# taz.de -- Sonntagsspiele in der Liga: Schalke marschiert, Mainz stagniert
> Mit einem schmucklosen 1:0 springt Schalke ins Liga-Mittelfeld. Mainz
> stagniert, während Gladbach unterstreicht, warum das Team Tabellenletzter
> ist.
(IMG) Bild: Elegant ist das nicht: Der Mainzer Christian Fuchs und der Schalker Jefferson Farfan im Kampf um den Ball.
MAINZ dpa | Mit einem schmucklosen 1:0 (1:0) beim FSV Mainz 05 hat sich
Schalke 04 weiter aus der Abstiegszone der Fußball-Bundesliga entfernt.
Jefferson Farfán traf im ausverkauften Bruchwegstadion in der 30. Minute
zum Sieg der "Königsblauen".
Die Gäste konnten sich sogar einen verschossenen Foulelfmeter von Klaas Jan
Huntelaar (8.) leisten, auf der Gegenseite scheiterte André Schürrle (73.)

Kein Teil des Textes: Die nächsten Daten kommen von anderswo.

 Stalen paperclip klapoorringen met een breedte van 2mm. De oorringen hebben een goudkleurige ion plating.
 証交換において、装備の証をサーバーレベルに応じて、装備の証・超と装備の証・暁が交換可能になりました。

per Strafstoß an Schalke-Schlussmann Manuel Neuer. Während sich die
Mannschaft von Felix Magath vom 15. auf den 10. Platz verbesserte, rutschte
Mainz auf den vierten Rang ab.
So schlecht platziert waren die Rheinhessen zuletzt am ersten Spieltag.
Mainz ist gegen Schalke nun schon seit 525 Minuten torlos, verlor zudem
vier der letzten fünf Heimspiele. Die Gäste zeigten sich mit dem Rückenwind
des Gruppensiegs in der Champions League stark verbessert und traten nun
auch in der Bundesliga auswärts ganz anders auf als zuletzt beim 0:5 in
Kaiserslautern.
FSV-Trainer Thomas Tuchel hatte seine Anfangs-Elf im Vergleich zum 1:2 bei
Eintracht Frankfurt auf fünf Positionen umgestellt. Sein Schalker Kollege
Magath ersetzte nach dem 2:1 in der Champions League bei Benfica Lissabon
Kyriakos Papadopoulos durch Farfán. Dieser Wechsel machte sich bezahlt, der
Peruaner war überragender Schalker Akteur.

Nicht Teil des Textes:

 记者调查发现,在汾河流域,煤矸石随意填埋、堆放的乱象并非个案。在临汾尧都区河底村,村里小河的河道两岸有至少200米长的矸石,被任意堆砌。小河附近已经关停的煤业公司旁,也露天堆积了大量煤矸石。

Schon die Anfangsphase hatte es in sich. Chancen auf beiden Seiten und der
erste Aufreger in der achten Minute: 05-Verteidiger Christian Fuchs foulte
an der Strafraumgrenze fast in Höhe der Grundlinie Farfán, Schiedsrichter
Felix Brych (München) pfiff Strafstoß. Alle Mainzer Proteste halfen nichts,
dafür stand das Glück den Gastgebern zur Seite.

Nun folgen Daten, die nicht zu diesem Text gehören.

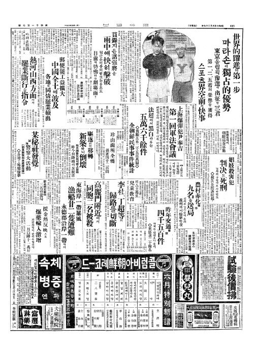 - 世界的躍進(세계적약진)의第一步(제일보) 마라손에獨占的優勢(독점적우세)

Huntelaar schoss den Ball vom Elfmeterpunkt an den linken Innenpfosten, von
dort sprang der Ball an den Rücken von Christian Wetklo und dann ins Aus
statt ins Tor. Wetklo, der sich noch lange nicht über den Strafstoß
beruhigt hatte, sah danach die Gelbe Karte wegen Reklamierens.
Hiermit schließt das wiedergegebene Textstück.